Supplied information -
====
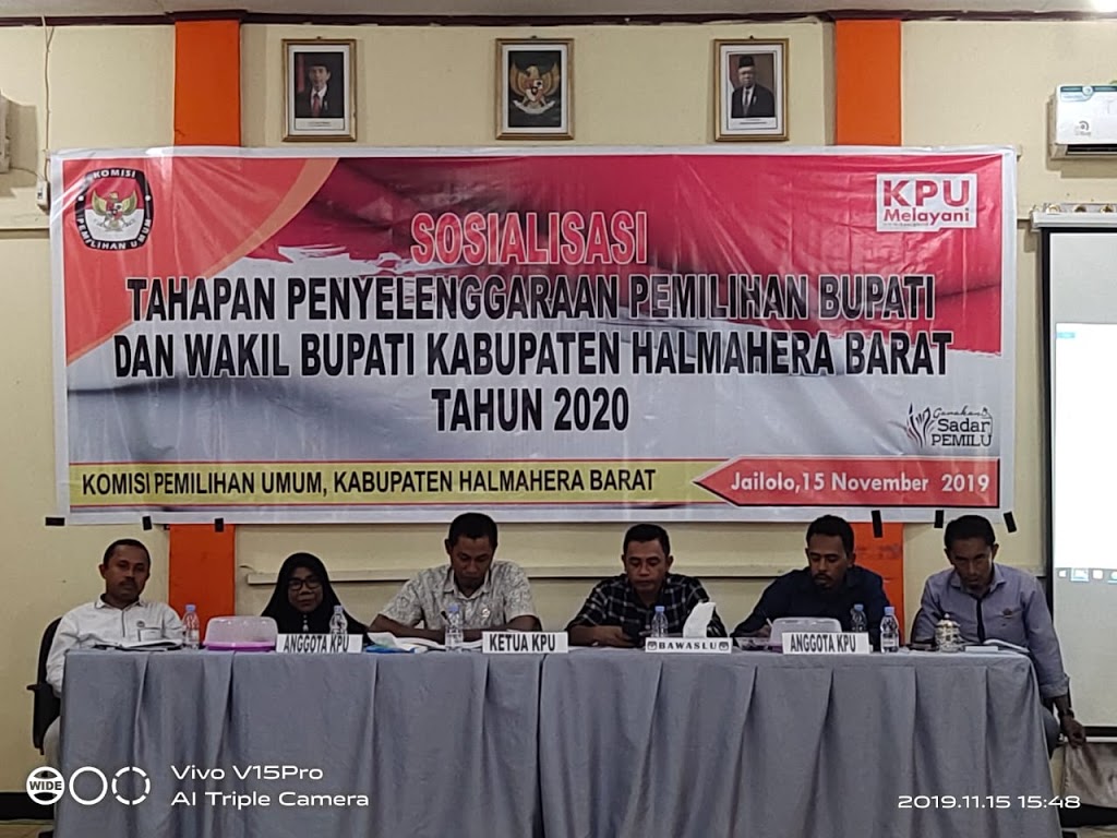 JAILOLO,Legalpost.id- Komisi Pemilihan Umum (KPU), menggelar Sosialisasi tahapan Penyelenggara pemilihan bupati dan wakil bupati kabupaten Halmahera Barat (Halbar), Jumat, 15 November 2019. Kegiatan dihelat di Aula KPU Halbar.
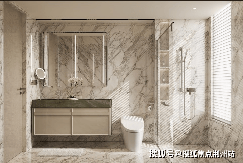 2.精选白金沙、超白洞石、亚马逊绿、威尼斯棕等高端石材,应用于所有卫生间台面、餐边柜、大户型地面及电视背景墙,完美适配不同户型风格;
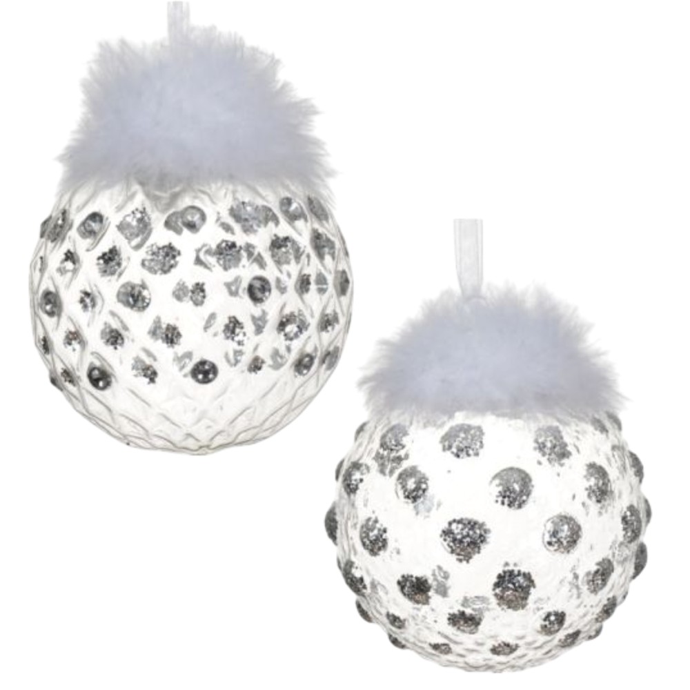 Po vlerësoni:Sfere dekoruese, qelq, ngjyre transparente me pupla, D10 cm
====
Work request -
Repeat the material exactly, without images.

Response area -
 JAILOLO,Legalpost.id- Komisi Pemilihan Umum (KPU), menggelar Sosialisasi tahapan Penyelenggara pemilihan bupati dan wakil bupati kabupaten Halmahera Barat (Halbar), Jumat, 15 November 2019. Kegiatan dihelat di Aula KPU Halbar.
 2.精选白金沙、超白洞石、亚马逊绿、威尼斯棕等高端石材,应用于所有卫生间台面、餐边柜、大户型地面及电视背景墙,完美适配不同户型风格;
 Po vlerësoni:Sfere dekoruese, qelq, ngjyre transparente me pupla, D10 cm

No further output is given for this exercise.